■ Work to complete: Please take the lines from the one holding "Bette Davis and" through the one holding "Defense: Chairman Richard" in the data below and copy them exactly.
=====
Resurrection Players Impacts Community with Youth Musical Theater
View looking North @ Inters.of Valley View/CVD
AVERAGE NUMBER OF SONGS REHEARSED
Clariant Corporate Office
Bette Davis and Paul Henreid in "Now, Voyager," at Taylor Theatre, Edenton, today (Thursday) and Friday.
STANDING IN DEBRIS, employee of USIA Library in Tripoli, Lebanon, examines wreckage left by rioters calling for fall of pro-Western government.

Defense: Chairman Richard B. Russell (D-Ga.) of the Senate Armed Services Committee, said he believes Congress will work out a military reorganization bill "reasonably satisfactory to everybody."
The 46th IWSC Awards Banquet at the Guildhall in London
=====
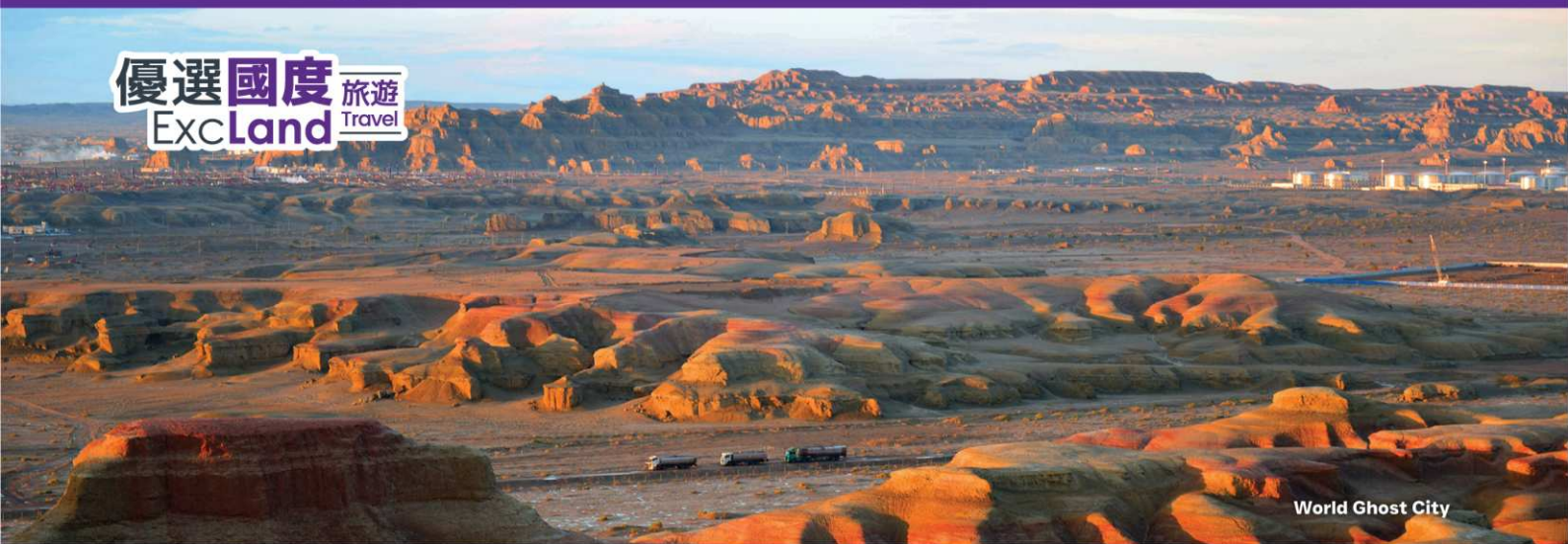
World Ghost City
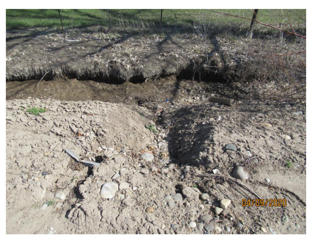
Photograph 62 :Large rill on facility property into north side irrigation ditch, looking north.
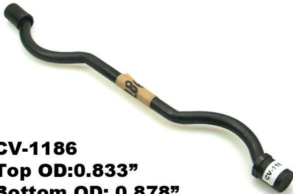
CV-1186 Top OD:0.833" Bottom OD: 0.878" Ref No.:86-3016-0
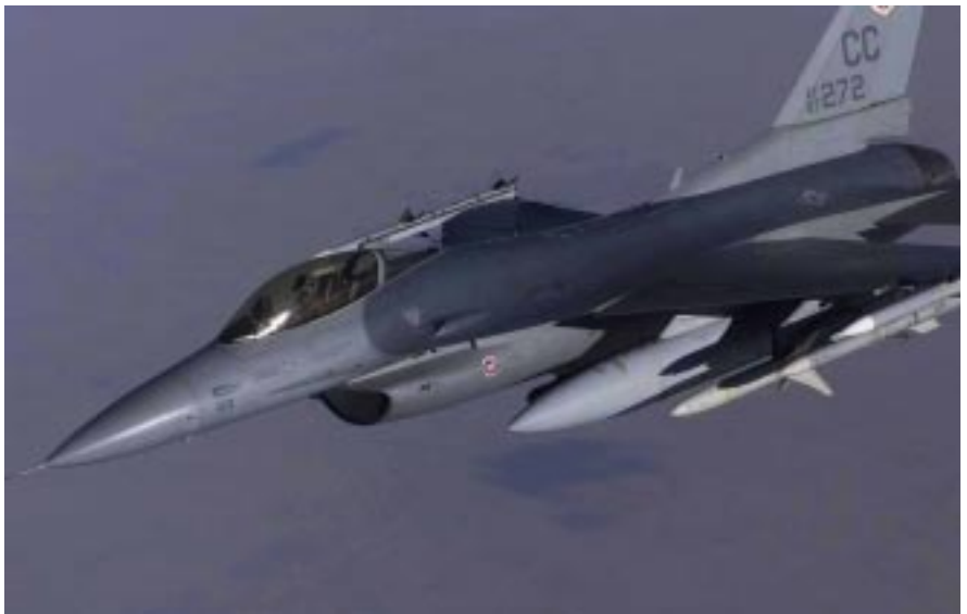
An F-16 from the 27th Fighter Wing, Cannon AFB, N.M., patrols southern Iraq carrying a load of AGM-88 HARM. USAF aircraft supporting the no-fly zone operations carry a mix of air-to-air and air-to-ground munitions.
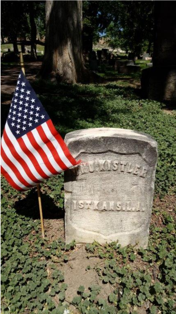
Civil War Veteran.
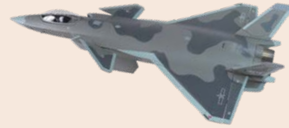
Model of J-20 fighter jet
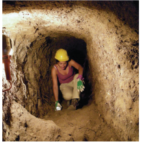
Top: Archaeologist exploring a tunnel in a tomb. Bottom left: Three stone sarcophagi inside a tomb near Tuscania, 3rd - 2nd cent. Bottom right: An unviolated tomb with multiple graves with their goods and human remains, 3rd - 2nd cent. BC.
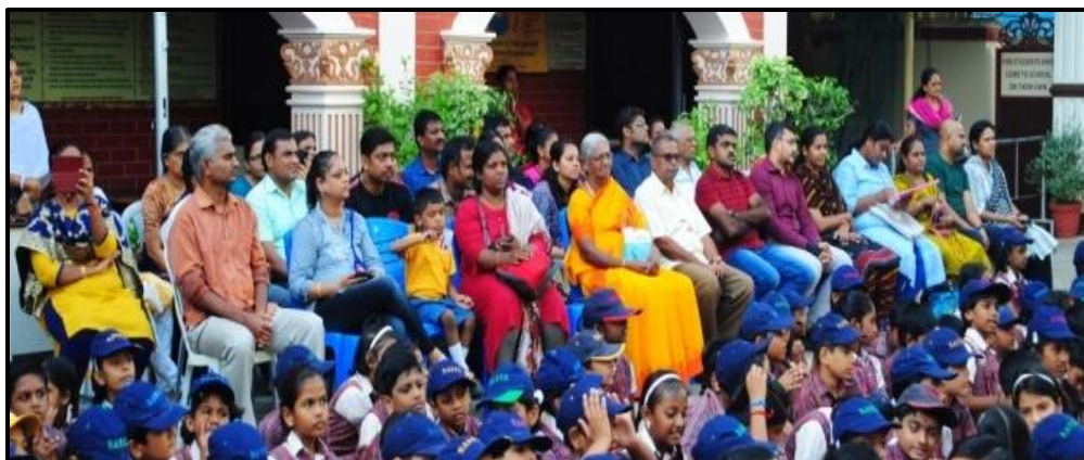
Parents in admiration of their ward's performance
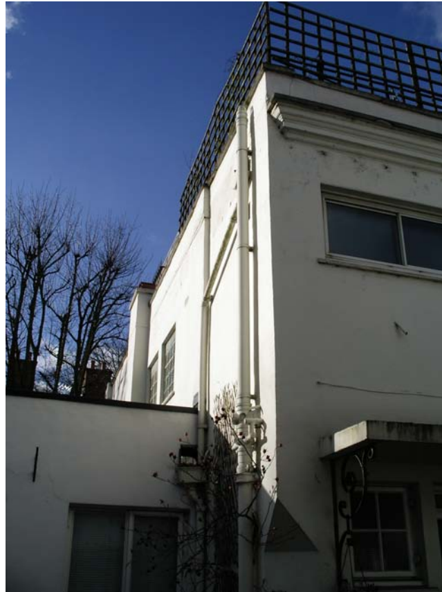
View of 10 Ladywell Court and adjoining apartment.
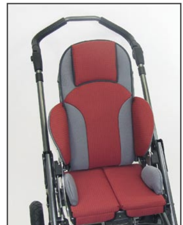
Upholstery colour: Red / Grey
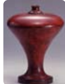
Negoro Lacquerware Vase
=====
■ Answer section:
Bette Davis and Paul Henreid in "Now, Voyager," at Taylor Theatre, Edenton, today (Thursday) and Friday.
STANDING IN DEBRIS, employee of USIA Library in Tripoli, Lebanon, examines wreckage left by rioters calling for fall of pro-Western government.

Defense: Chairman Richard B. Russell (D-Ga.) of the Senate Armed Services Committee, said he believes Congress will work out a military reorganization bill "reasonably satisfactory to everybody."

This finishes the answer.